A imagem de uma história que tudo devora parece descortinar um debate já conhecido pelos grupos de minorias políticas no Brasil, seu passado não escrito e legitimado socialmente avança como um ethos invisível sobre as cidades e as relações. O racismo, as discriminações de gênero e concernentes ao status social cobram altos preços quando a história entra em síntese limítrofe, o momento em que torna-se impossível evitar o processo extrusivo de forças coletivas outrora sufocadas. Crístofer é metonimicamente essa totalidade, apresenta-se como indivíduo e como a sugestão de grupos sociais: a esquerda torturada e morta em casas da morte subsidiadas pelo Estado brasileiro, as corporeidades dissidentes asfixiadas em praça pública.
Ao ensejar uma contraposição ao pitching, operando como o eco de um passado politicamente marcado atravessado por um presente culturalmente mercadológico, Crístofer é por si um dispositivo crítico em cena, sorrateiramente envolve o público ao vestir-se de ato espantoso, seu texto é um corte que interdita a compra e venda de histórias, constrangendo os vendedores.
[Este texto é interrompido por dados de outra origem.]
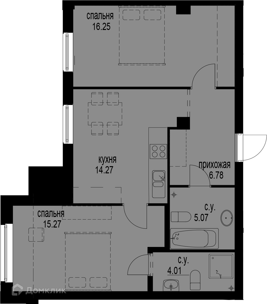 Площадь кухни 14.27 м2
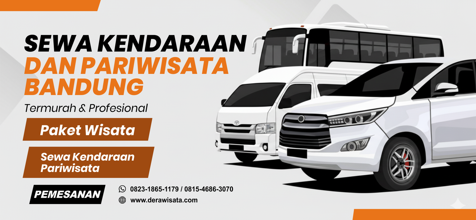 PT Dera Wisata Grup melayani Persewaan Kendaraan dan Paket Wisata untuk area Kota Bandung dan sekitarnya
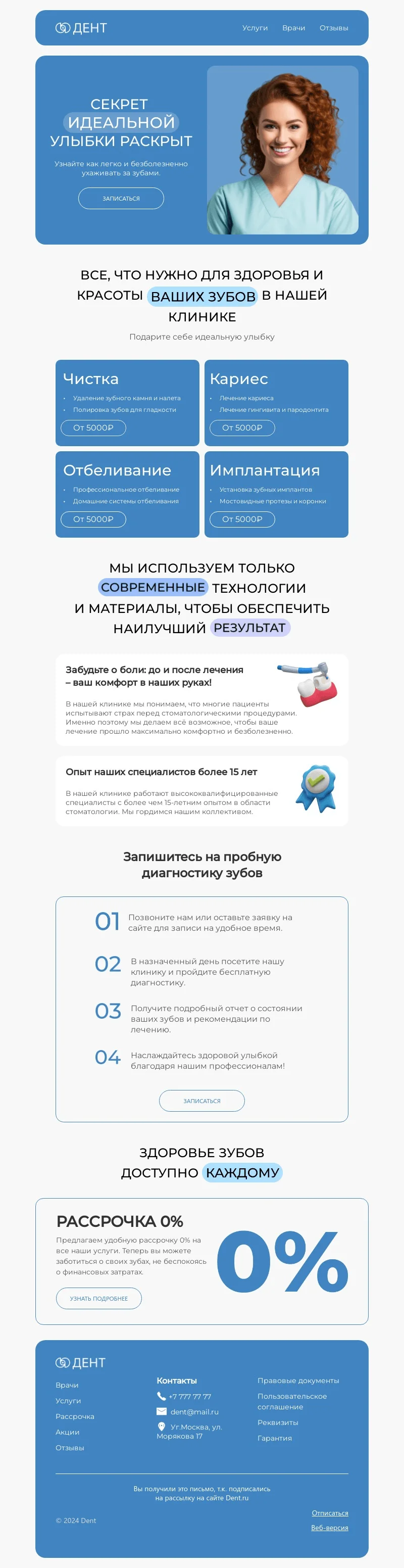 Email-шаблон «Секрет идеальной улыбки раскрыт» предназначен для стоматологий, центров имплантации и эстетической медицины зубов. Этот макет можно использовать для презентации услуг клиники и самых популярных услуг, а также для анонса акций и спецпредложений. Расскажите клиентам, чем может помочь команда ваших врачей, поделитесь полезным контентом и с помощью рассылки пригласите воспользоваться услугами стоматологии.
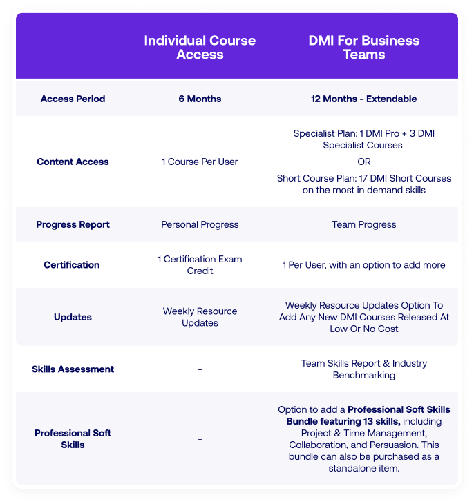 The Teams and Enterprise plans provide organisations with a DMI Business Membership Plan, including access to a broad catalogue of Courses, Learning Paths and more than 2000+ Resources. Enterprise Size Teams have access to; DMI's Skills Evaluation and Benchmarking Tool, greater flexibility of Course Library options, custom company-specific webinars and more.

Tão logo a evocação de Crístofer termina, o estado das coisas volta à normalidade, indicando a insistência do discurso hegemônico, bárbaro e territorialista por natureza, que exibe seu poder a todo instante a fim de ameaçar e suplantar toda e qualquer tentativa de ato revolto ou revolucionário.
Do ponto de vista da encenação é importante destacar a presença da música/musicalidade no entorno constitutivo das ações. Felipe Pagliato e Gabriel Barbosa são responsáveis pela organização de um contexto sonoro que atribui vivacidade tanto às camadas críticas da primeira cena quanto às zonas da própria ficção em que as sonoridades são administradas como referenciais atmosféricos naturais. Gabriel Barbosa, de dentro da cena, faz ações percussivas em instrumentos feitos de chifres de animais, dado esse que parece estabelecer uma menção estética aos procedimentos de objetificação e animalização das vítimas da violência estatal. As linhas rítmicas que Gabriel executa trazem à tona novamente a agonística de tempos justapostos: o presente da ação cênica em que a memória de um país está em jogo (um jogo perverso que através do escancaramento da perversidade revela sua urdidura) e um passado determinado pela musicalidade extraída das ossadas de gente tornada bicho pelos cabrestos, currais e antolhos da ditadura.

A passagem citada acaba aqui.